▶ [The task]
Leave the pictures out and restate every line below exactly.

▶ [Provided data]
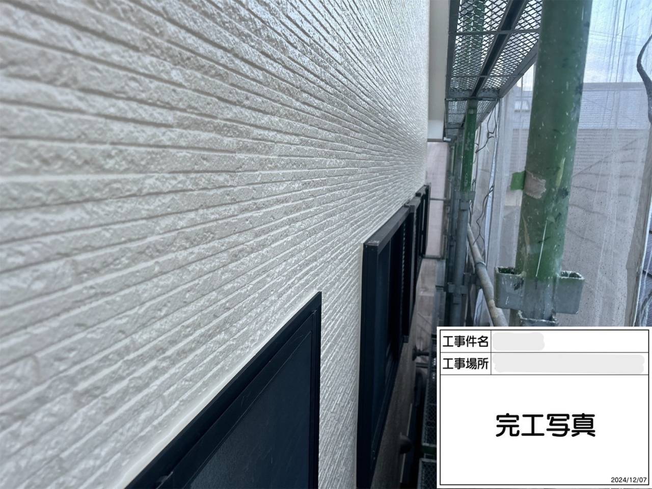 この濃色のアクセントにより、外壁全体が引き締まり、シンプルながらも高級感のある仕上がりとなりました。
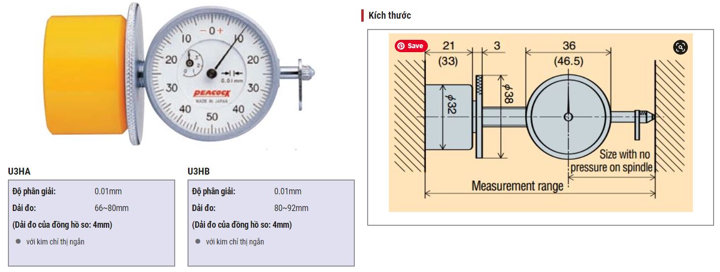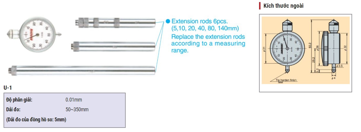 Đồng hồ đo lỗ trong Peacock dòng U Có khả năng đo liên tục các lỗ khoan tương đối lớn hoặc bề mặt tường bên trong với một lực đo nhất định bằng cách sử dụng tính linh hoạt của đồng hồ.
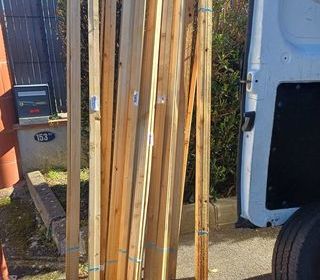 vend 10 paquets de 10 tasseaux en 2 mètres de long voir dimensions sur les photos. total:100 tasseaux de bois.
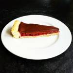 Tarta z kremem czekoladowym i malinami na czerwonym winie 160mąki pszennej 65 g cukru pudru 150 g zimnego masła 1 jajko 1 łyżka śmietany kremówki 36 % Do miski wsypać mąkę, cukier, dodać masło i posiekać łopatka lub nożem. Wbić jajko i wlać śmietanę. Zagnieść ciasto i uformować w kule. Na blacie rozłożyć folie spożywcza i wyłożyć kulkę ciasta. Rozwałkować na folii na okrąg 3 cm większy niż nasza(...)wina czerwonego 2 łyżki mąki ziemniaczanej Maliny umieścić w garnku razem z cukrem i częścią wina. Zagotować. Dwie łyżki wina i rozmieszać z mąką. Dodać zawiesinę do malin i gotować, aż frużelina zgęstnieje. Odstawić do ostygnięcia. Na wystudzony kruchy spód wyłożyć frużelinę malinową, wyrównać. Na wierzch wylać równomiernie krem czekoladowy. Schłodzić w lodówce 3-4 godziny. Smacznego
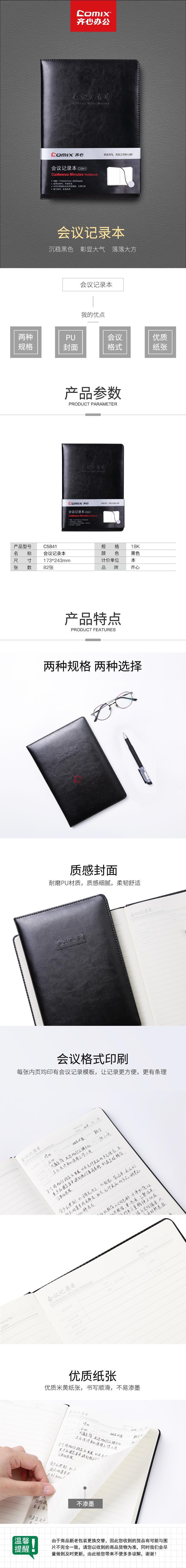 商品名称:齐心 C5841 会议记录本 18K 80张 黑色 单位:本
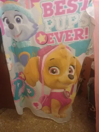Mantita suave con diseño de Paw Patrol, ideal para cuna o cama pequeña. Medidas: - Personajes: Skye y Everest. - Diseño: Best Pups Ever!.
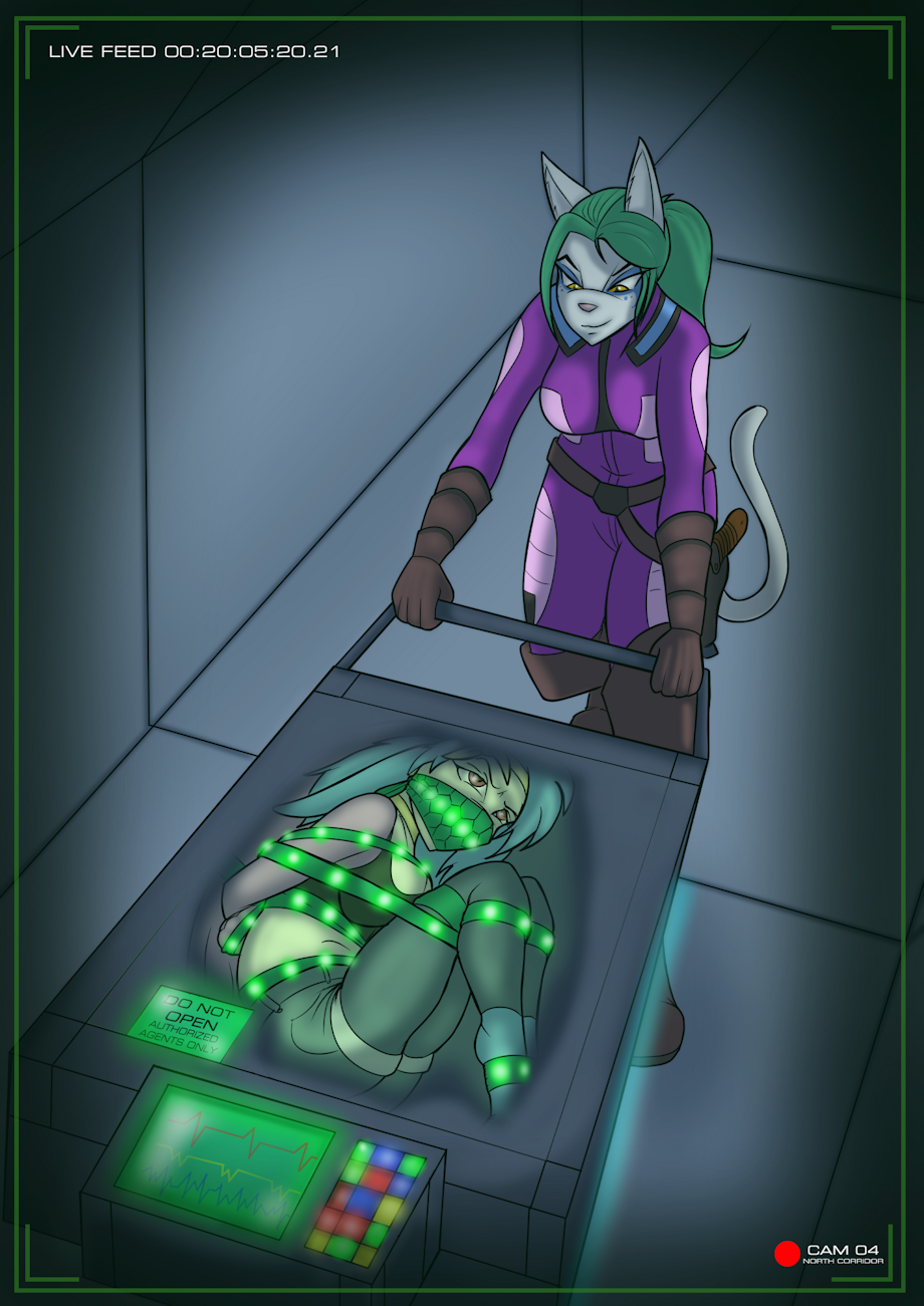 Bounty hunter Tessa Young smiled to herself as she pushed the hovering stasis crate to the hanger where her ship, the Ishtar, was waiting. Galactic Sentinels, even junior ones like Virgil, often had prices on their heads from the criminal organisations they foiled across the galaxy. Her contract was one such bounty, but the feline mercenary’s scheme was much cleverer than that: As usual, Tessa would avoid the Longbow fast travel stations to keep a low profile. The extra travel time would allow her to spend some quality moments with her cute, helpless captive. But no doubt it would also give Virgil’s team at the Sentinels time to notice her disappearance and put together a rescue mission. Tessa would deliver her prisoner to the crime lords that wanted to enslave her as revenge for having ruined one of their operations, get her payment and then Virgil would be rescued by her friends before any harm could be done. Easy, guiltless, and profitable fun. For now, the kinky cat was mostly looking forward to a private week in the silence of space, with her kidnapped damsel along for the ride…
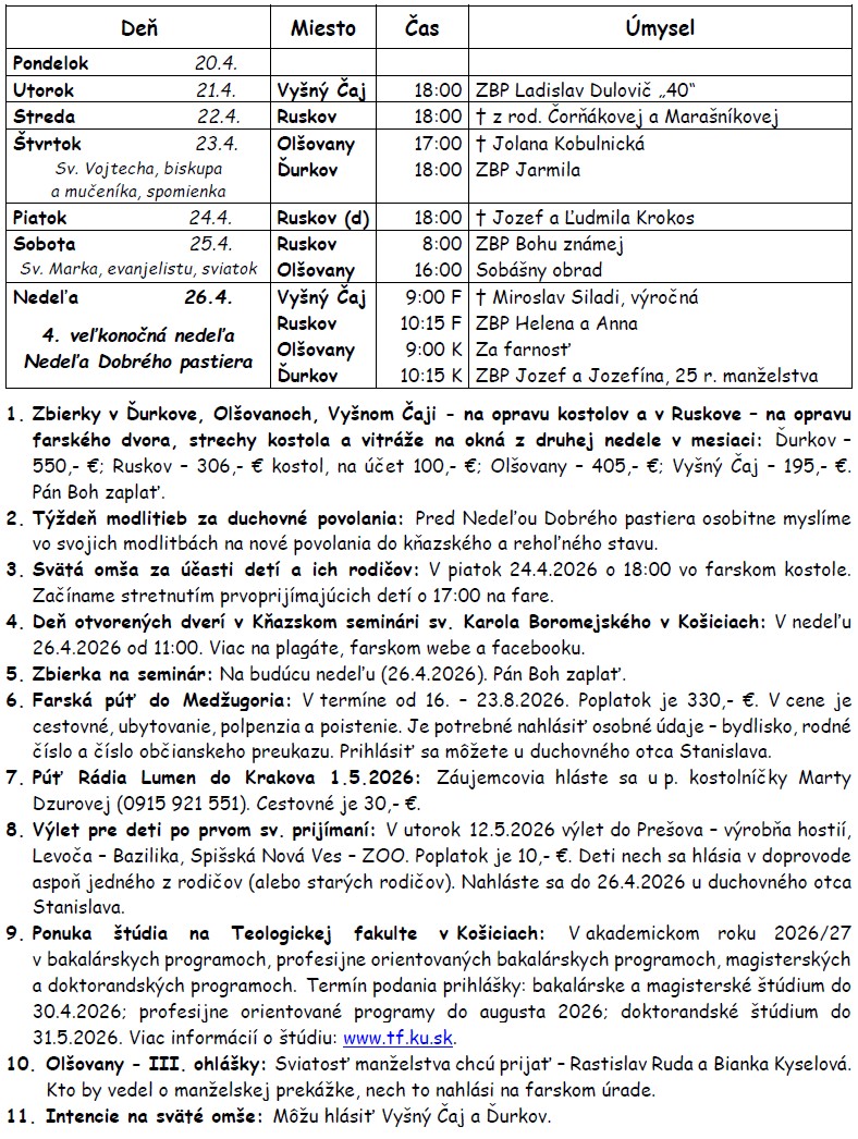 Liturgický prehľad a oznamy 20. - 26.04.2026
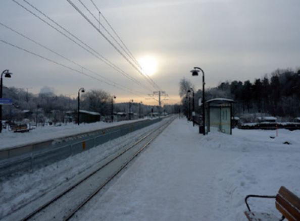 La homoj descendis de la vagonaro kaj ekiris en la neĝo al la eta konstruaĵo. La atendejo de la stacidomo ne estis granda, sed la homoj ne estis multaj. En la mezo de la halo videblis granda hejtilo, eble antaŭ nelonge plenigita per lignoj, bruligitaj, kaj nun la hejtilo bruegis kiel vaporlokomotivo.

▶ [Response area]
 この濃色のアクセントにより、外壁全体が引き締まり、シンプルながらも高級感のある仕上がりとなりました。
 Đồng hồ đo lỗ trong Peacock dòng U Có khả năng đo liên tục các lỗ khoan tương đối lớn hoặc bề mặt tường bên trong với một lực đo nhất định bằng cách sử dụng tính linh hoạt của đồng hồ.
 vend 10 paquets de 10 tasseaux en 2 mètres de long voir dimensions sur les photos. total:100 tasseaux de bois.
 Tarta z kremem czekoladowym i malinami na czerwonym winie 160mąki pszennej 65 g cukru pudru 150 g zimnego masła 1 jajko 1 łyżka śmietany kremówki 36 % Do miski wsypać mąkę, cukier, dodać masło i posiekać łopatka lub nożem. Wbić jajko i wlać śmietanę. Zagnieść ciasto i uformować w kule. Na blacie rozłożyć folie spożywcza i wyłożyć kulkę ciasta. Rozwałkować na folii na okrąg 3 cm większy niż nasza(...)wina czerwonego 2 łyżki mąki ziemniaczanej Maliny umieścić w garnku razem z cukrem i częścią wina. Zagotować. Dwie łyżki wina i rozmieszać z mąką. Dodać zawiesinę do malin i gotować, aż frużelina zgęstnieje. Odstawić do ostygnięcia. Na wystudzony kruchy spód wyłożyć frużelinę malinową, wyrównać. Na wierzch wylać równomiernie krem czekoladowy. Schłodzić w lodówce 3-4 godziny. Smacznego
 商品名称:齐心 C5841 会议记录本 18K 80张 黑色 单位:本
Mantita suave con diseño de Paw Patrol, ideal para cuna o cama pequeña. Medidas: - Personajes: Skye y Everest. - Diseño: Best Pups Ever!.
 Bounty hunter Tessa Young smiled to herself as she pushed the hovering stasis crate to the hanger where her ship, the Ishtar, was waiting. Galactic Sentinels, even junior ones like Virgil, often had prices on their heads from the criminal organisations they foiled across the galaxy. Her contract was one such bounty, but the feline mercenary’s scheme was much cleverer than that: As usual, Tessa would avoid the Longbow fast travel stations to keep a low profile. The extra travel time would allow her to spend some quality moments with her cute, helpless captive. But no doubt it would also give Virgil’s team at the Sentinels time to notice her disappearance and put together a rescue mission. Tessa would deliver her prisoner to the crime lords that wanted to enslave her as revenge for having ruined one of their operations, get her payment and then Virgil would be rescued by her friends before any harm could be done. Easy, guiltless, and profitable fun. For now, the kinky cat was mostly looking forward to a private week in the silence of space, with her kidnapped damsel along for the ride…
 Liturgický prehľad a oznamy 20. - 26.04.2026
 La homoj descendis de la vagonaro kaj ekiris en la neĝo al la eta konstruaĵo. La atendejo de la stacidomo ne estis granda, sed la homoj ne estis multaj. En la mezo de la halo videblis granda hejtilo, eble antaŭ nelonge plenigita per lignoj, bruligitaj, kaj nun la hejtilo bruegis kiel vaporlokomotivo.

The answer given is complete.